Credulity is an extraordinary achievement. It is the best kind of interdisciplinary American studies scholarship, deftly navigating canonical American literature, critical theory, and archival sources, presenting them in sharp and engaging prose. Very few works of scholarship are both intensely smart and deeply pleasurable to read (and most are neither), but Credulity surely is, and it repays close, careful reading and rereading. Its clearest critical intervention, at least for this reader, is in secularism studies. Specifically, Ogden clearly and creatively applies Latour’s insights on scientism and the Moderns to work on secularism by Modern, Asad, and others. Secularization is not the disappearance of religion but the management of it, the processes of separating it from the secular and, just as importantly, the troubling slough-off third categories like magic and superstition. By zeroing in on credulity, Ogden both excavates a key nineteenth-century category and offers new analytical vocabulary. By focusing on mesmerists, she highlights previously understudied historical actors and texts, and when discussing more familiar material she does so with fresh lenses and questions.

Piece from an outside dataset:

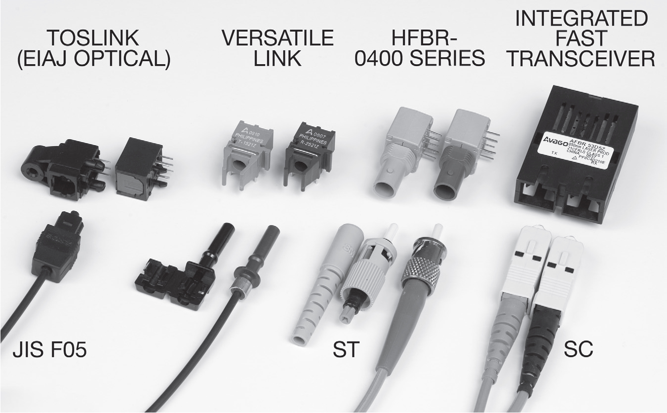 Рис. 12.95 Некоторые популярные волоконно-оптические интерфейсы. TOSLINK широко используется в потребительской электронике и здесь показан в заглушенном варианте под печатный монтаж ( справа ) и в виде открытой панельной версии. Остальные соединители могут легко собираться вручную ( для ST и Versatile Link показаны соединители в разобранном виде ), но доступны и уже заделанные варианты

She treats her subjects, even fictional ones, with generosity and grace. But the book’s contributions go beyond even that. Rather than a formal conclusion restating the book’s claims, Ogden gifts the reader a truly stunning coda on Ann Braude’s Radical Spirits (1989) and Herman Melville’s Moby-Dick (1851) that works simultaneously as historiographical corrective, critique of second-wave feminism, and meditation on freedom itself. I don’t want to spoil the whole thing, which I implore you to read, but here is a snippet: “There is no special reason why you would be freer from your idol when your idol is your freedom of choice than when it is your little wooden god. The problem with the empowerment argument is that it assumes that freedom is a better master. On the Pequod, freedom is the worst master” (235). These are not strictly nineteenth-century issues—subjectivity, agency, freedom. Like credulity, or religion, it’s not just about who has them and who doesn’t, but how they get them, and how they use them.
[1]Bruno Latour, On the Modern Cult of the Factish Gods(Durham, NC: Duke University Press, 2010).
[2]John Lardas Modern, Secularism in Antebellum America(Chicago: University of Chicago Press, 2011), 179.
Charlie McCrary is a postdoctoral fellow at the John C. Danforth Center on Religion and Politics at Washington University in St. Louis.